One: according to her majesty’s judiciary, email is not included and does not count as an electronic messaging system. Let your klaxons blare. It seems absurd at first glance — some would say it seems absurd having read the whole judgment in Greenclose v National Westminster Bank plc — but there it is: that is the law of the land at the time of writing.

Two: This might not so much matter were it not for another spectacular outing for her majesty's judiciary[1], in which Lord Sumption decided that a “no oral modification” clause means what it says. Hitherto is has been assumed to be an easy give to pedantic lawyers who have nothing more constructive to say. Strictly interpreting a NOM clause probably makes sense if you are contemplating the eternal verities on the hard benches of a law library — or your judicial chambers — but it makes none if your job is to manage the cut and thrust of daily operational contract management.

To be sure, most financial institutions have a military-industrial complex handling the negotiation of ISDA Master Agreements and other trading contracts, so a formal amendment is not likely to pass with copperplate script execution. But where the Agreement contains a manifest error, and the parties perform notwithstanding to the intended commercial bargain - who can say?

And as for waivers — especially when your credit department is in the thrall of setting NAV triggers it doesn’t monitor and isn’t likely to to exercise — by the lights of this clause you must formally confirm them in writing, which is a profound waste of everyone’s time.
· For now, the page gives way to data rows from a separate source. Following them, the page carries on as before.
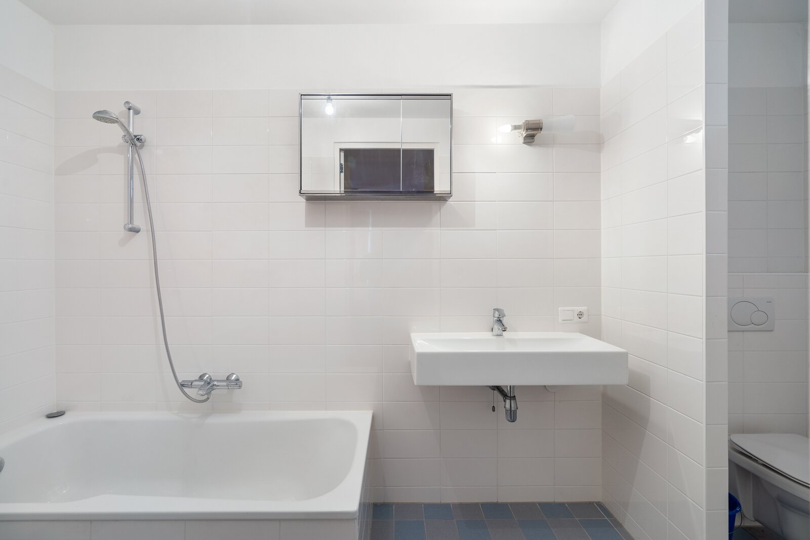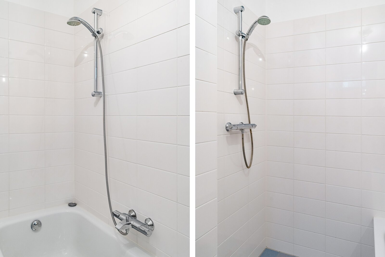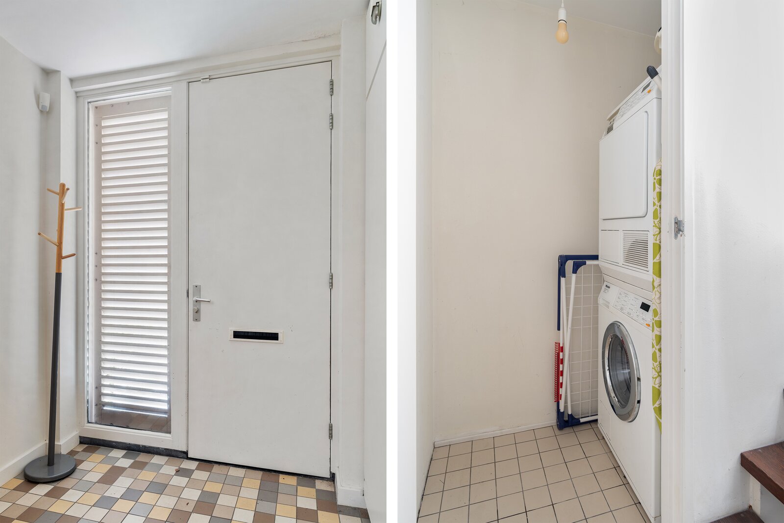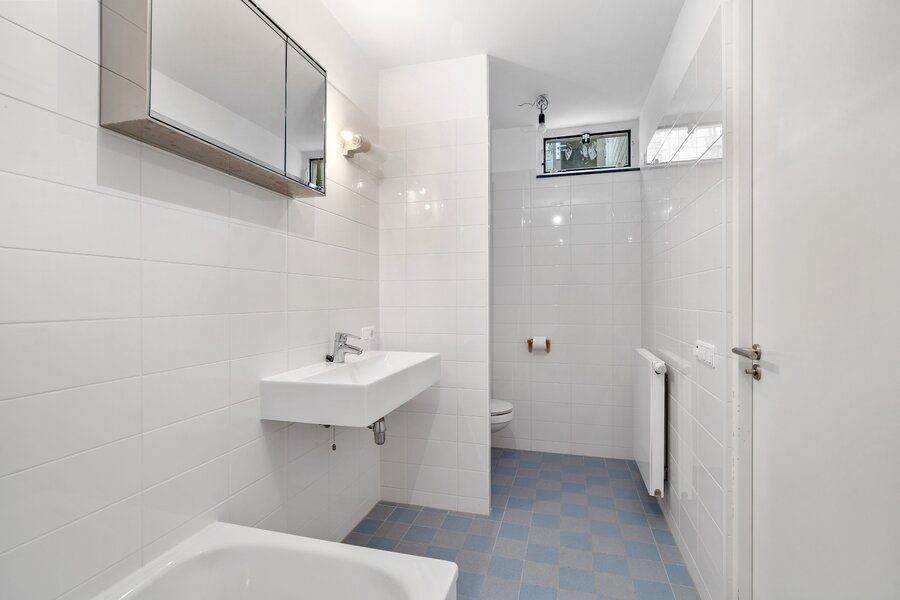 Entree van de woning; hal; meterkast; wasruimte met de wasmachine en droger aansluiting; royale slaapkamer met wal-in closet en toegang tot de badkamer met ligbad, douche, toilet en wastafelmeubel.
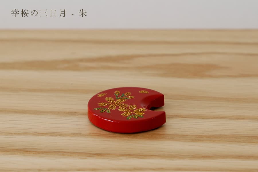 幸桜の三日月 朱:樹脂で形成された三日月に会津塗と蒔絵師の手描き蒔絵により仕上げました。ワンポイントの前飾りとしておすすめ。 - お花
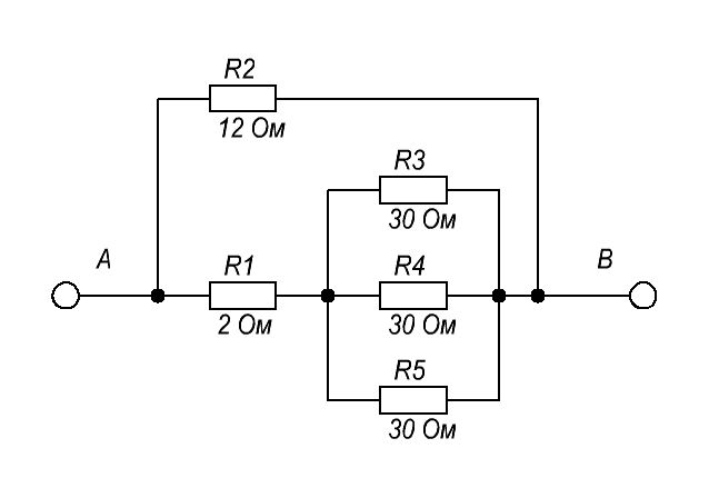 На рисунке дана схема электрической цепи. Напряжение UАВ = 120 В. Определить сопротивление всей цепи и силу тока в цепи.
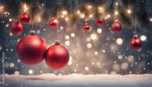Fantastic glowing background with snowy fir branches and red Christmas balls hanging with string
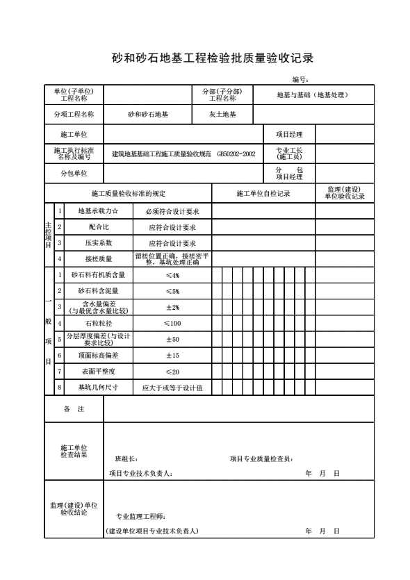 表格名称:砂和砂石地基工程检验批质量验收记录
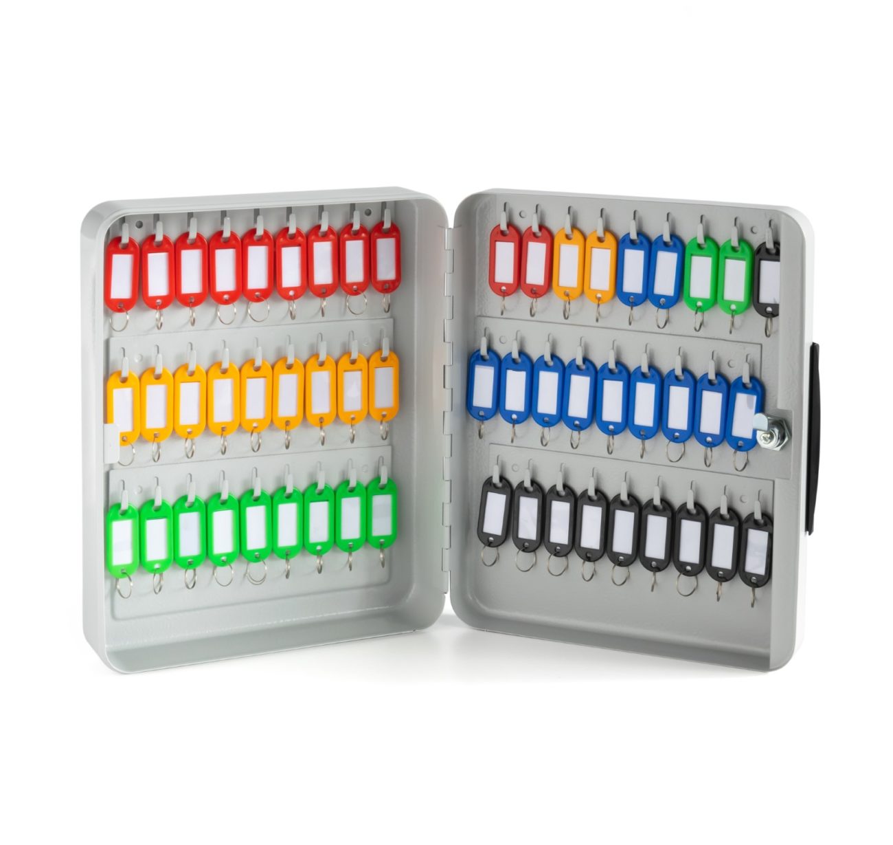 Solidna i pojemna szafka na klucze umożliwia bezpieczne przechowywanie aż 54 kompletów kluczy w jednym miejscu. Wykonana z wytrzymałej stali, doskonale sprawdza się w biurach, warsztatach, hotelach, szkołach oraz wszędzie tam, gdzie ważna jest organizacja i bezpieczeństwo.

Three: Good luck reconciling the above with the Counterparts and Confirmations clause, which says, rightly, that the binding action on a Transaction is the moment the parties first agree it — that is, as likely as not, a phone call or Bloomberg chat, or in volume products, an electronic handshake between booking systems. Since a Transaction is a modification to the ISDA Master Agreement the words above ring a bit hollow.

See also

9 Miscellaneous

9(a) Entire Agreement
9(b) Amendments
9(c) Survival of Obligations
9(d) Remedies Cumulative
9(e) Counterparts and Confirmations
9(f) No Waiver of Rights
9(g) Headings
9(h) Interest and Compensation (2002 ISDA only)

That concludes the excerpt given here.